Second, copy updates from the file system of the export server to the file system of the import server. By default, updates are stored in the following folder:
You can use the Windows Backup Utility or whatever backup software your organization is familiar with to copy the files. When you copy files to the import server, you must maintain the folder structure for all folders under \WSUSContent. Make sure that the updates appear in the folder on the import server that has been designated to store updates; this designation is typically made during the setup process. You should also consider using an incremental backup system to limit the amount of data you need to move each time you refresh the server on the disconnected network.
Third, export update metadata from the database on the export server, and import it into the database on the import server. You accomplish the metadata import and export by using the command-line utility WSUSutil.exe mentioned in Migration Command-line Tool. You can find WSUSutil.exe in the tools subfolder where you installed WSUS. You must be a member of the local Administrators group on the WSUS server to export or import metadata; both operations can only be run from the WSUS server itself. You can only run WSUSutil.exe on a 32-bit platform.

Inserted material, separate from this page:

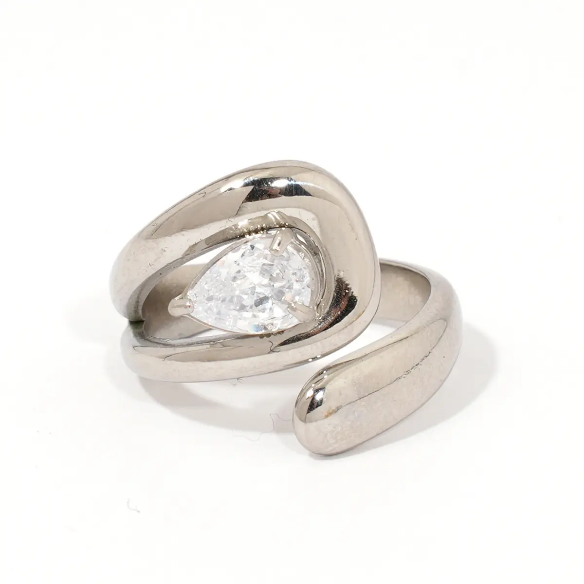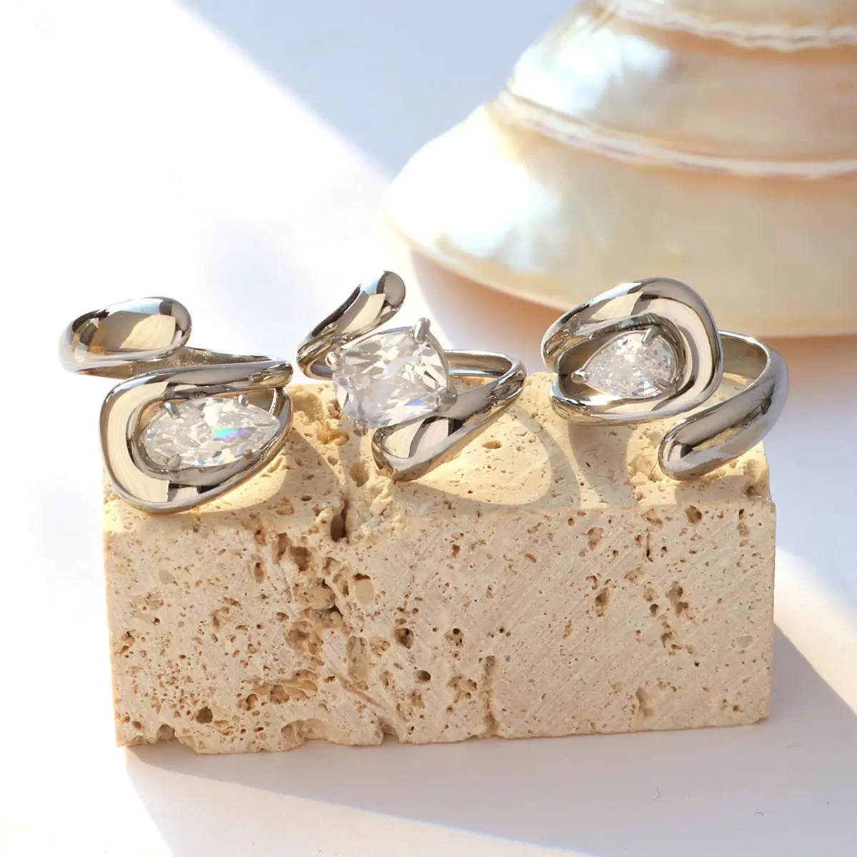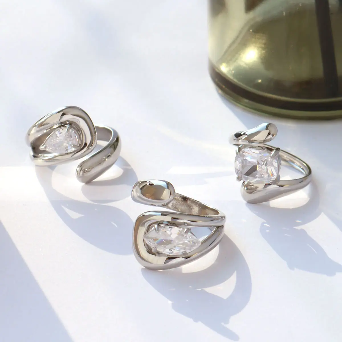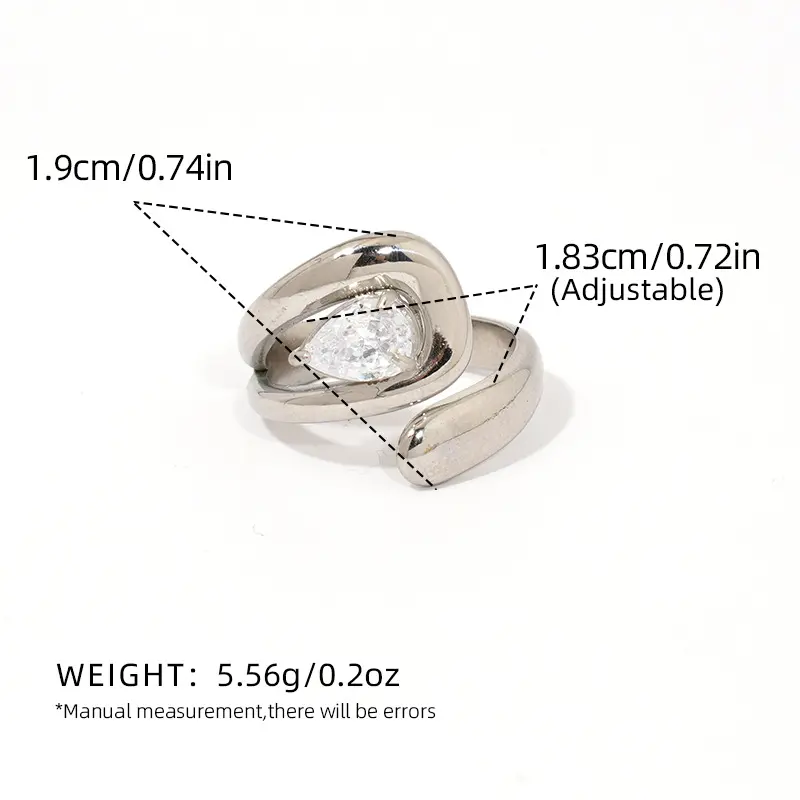 Plated Zircon Ring for Women, Stainless Steel Titanium Adjustable Fine Jewelry, Elegant Modern Aesthetic, Office Travel Anniversary Gift for Wife Sister Gold-Plated Striped Couple Stacking Minimalist

You should copy updates to the file system of the import server before you import metadata. If WSUS finds metadata for an update that is not in the file system, the WSUS console shows that the update failed to be downloaded. This type of problem can be fixed by copying the update onto the file system of the import server and then again attempting to deploy the update.
Although you can use incremental backups to move update files onto the import server, you cannot move update metadata piecemeal. WSUSutil.exe exports all the metadata in the WSUS database during the export operation.